Monday, September 20, 2010

Brought to you by the letter R

So last night in a fit of late-night iTunesing, I had to muster up all my willpower to resist buying “Imagine Me & You” to carry around with me in my pocket forever, always. (I already own the DVD. I don’t want to wear out its welcome. I need to be sensible and eat my vegetables, young lady.) So I turned to Twitter for support (y’all are a bunch of enablers, by the way). But, instead, what you really did was draw my attention to something very, very odd and very, very frustrating.

“Imagine Me & You” is rated R. Which means here in the United States no child under the age of 17 could see it in a theater without an accompanying parent or guardian. In essence, that means that the Motion Picture Association of America thought there was something so objectionable about this movie that children must be shielded from its potentially harmful effects. Its official MPPA rating says it earned that R for “for some language and sexual material.” Now, normally R is reserved for movies with explicit sex scenes, sexualized nudity, extreme foul language and/or graphic violence. All the “Saw” movies (including the upcoming third “Saw” in 3-D no less), which feature murder, torture and dismemberment of every imaginable variety, are rated R. “Boogie Nights,” a movie about the porn industry and a man who uses his enormous penis to become a star in it, is rated R. The first two “Scary Movie” films, which were all about supposedly satirizing sexy flasher films by showing excessive sex and slashing, were rated R (the last two only were rated PG-13).

Does “Imagine Me & You” have nudity? No, because I sure as hell know I would have remembered seeing Lena Headey naked, or Piper Perabo or even Giles Anthony Stewart Head. Does “Imagine Me & You” have murder, torture, dismemberment, blood, guts or any of those in any combination in 3-D? No, though the awful stock broker boss does make me feel momentarily stabby for being such an ass. Does “Imagine Me & You” have extreme foul language? Well, No. 9 might argue this but I really don’t think there’s too much past a “fuck” here or there.

But what it does have is two women kissing and falling in love. FOR THE LOVE OF GOD, HIDE THE CHILDREN!

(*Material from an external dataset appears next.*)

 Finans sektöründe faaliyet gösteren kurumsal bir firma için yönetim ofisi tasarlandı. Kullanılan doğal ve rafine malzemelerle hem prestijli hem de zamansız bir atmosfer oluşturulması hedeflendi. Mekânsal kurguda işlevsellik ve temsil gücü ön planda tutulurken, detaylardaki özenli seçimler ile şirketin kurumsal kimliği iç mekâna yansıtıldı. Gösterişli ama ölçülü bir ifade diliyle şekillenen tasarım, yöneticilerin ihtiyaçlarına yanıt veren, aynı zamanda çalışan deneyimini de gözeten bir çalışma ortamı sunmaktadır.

Now, if you’ve seen “This Film Is Not Yet Rated,” this is not news to you. Gay-themed movies are often rated much more harshly than straight movies. “But I’m a Cheerleader” was given an NC-17 (No children under 17, period, even with an adult) at first, then downgraded to an R after cuts. “Boys Don’t Cry” was initially given an NC-17, then trimmed to get an R. “American Psycho” was initially given an NC-17 rating, but then when they cut not the axe murder or the chainsaw dismemberment or the serial killing in general but the one three-way sex scene it was graced with an R. Message: As long as there’s no sex in your violence, you’re A-OK. Also, if there happens to be gay sex in your violence you’re totally screwed – and not in even a remotely kind of fun way.

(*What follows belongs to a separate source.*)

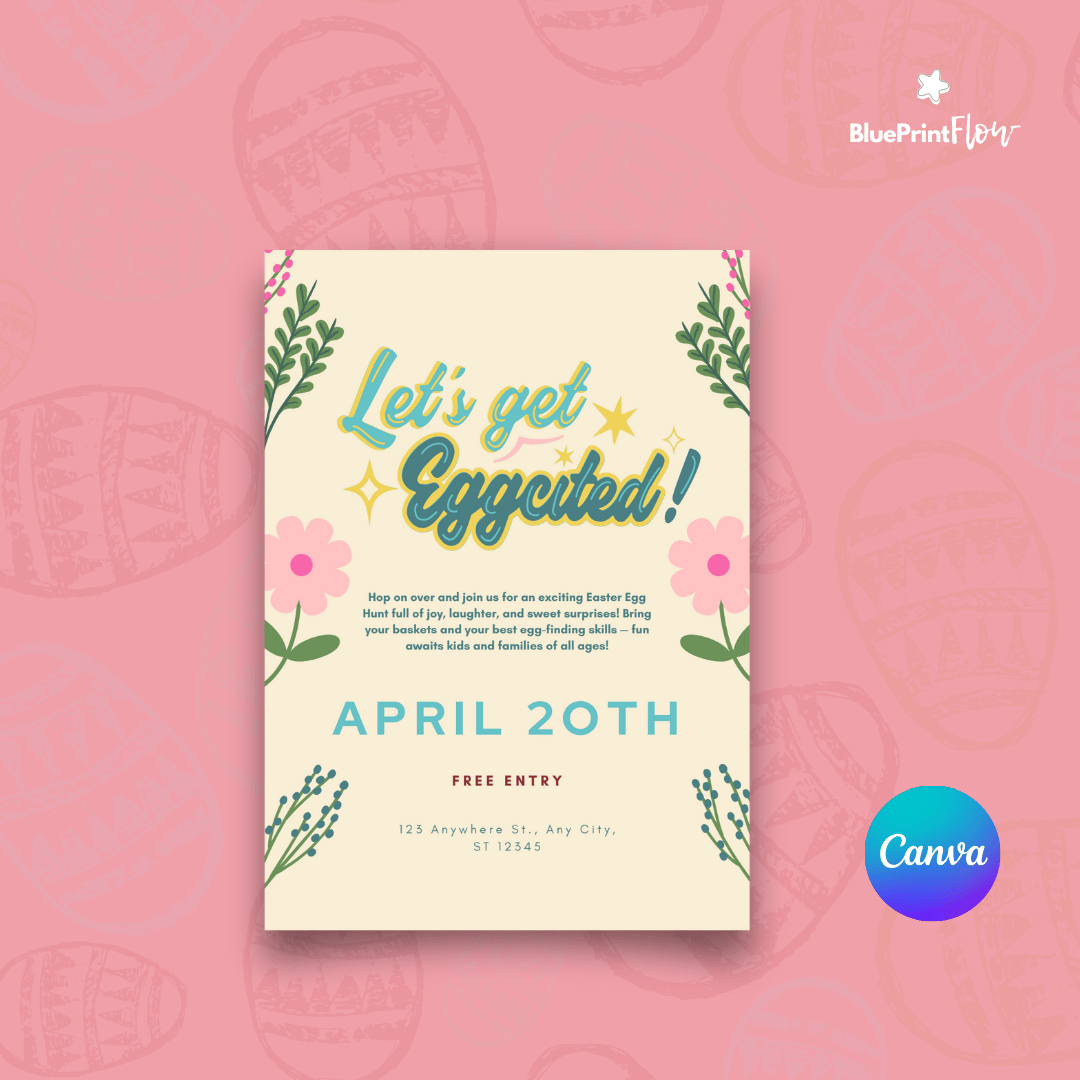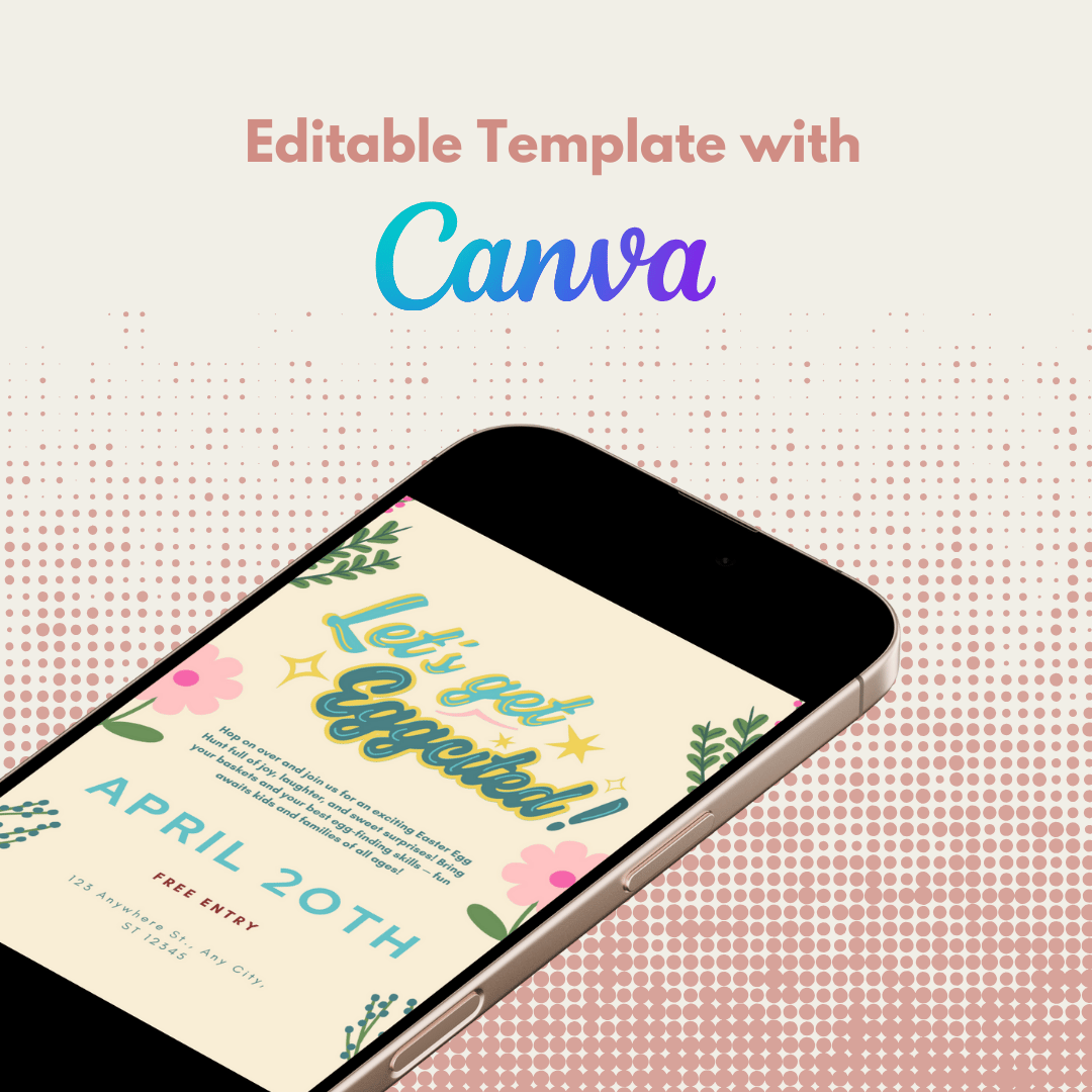 [FREE] Let's get Eggcuted April Egg Hunt Easter Spring Invitation Card Canva Template Design

While the ratings are “voluntary,” they mean everything to both the film’s exposure and eventual bottom line. Many theaters won’t play a NC-17 movie. Many distributors won’t stock a NC-17 DVD. A R rating, in turn, will limit a movie’s potential box office because a whole segment of the population is excluded. But money and audience aside, what this is really still saying is that gay relationships are so different, so frightening, so unacceptable, so deviant that we have to protect the young impressionable minds from seeing them.

The only scary thing about these two women together is that someone would look at them and think, “Shit, they’re scary.” And the only way this movie could ever really be rated R is if the “R” actually stood for “Repeat Viewing.” Which I think I’ll do now. On my iPhone. Just to prove a point. And that point is: “You’re a wanker, MPAA!”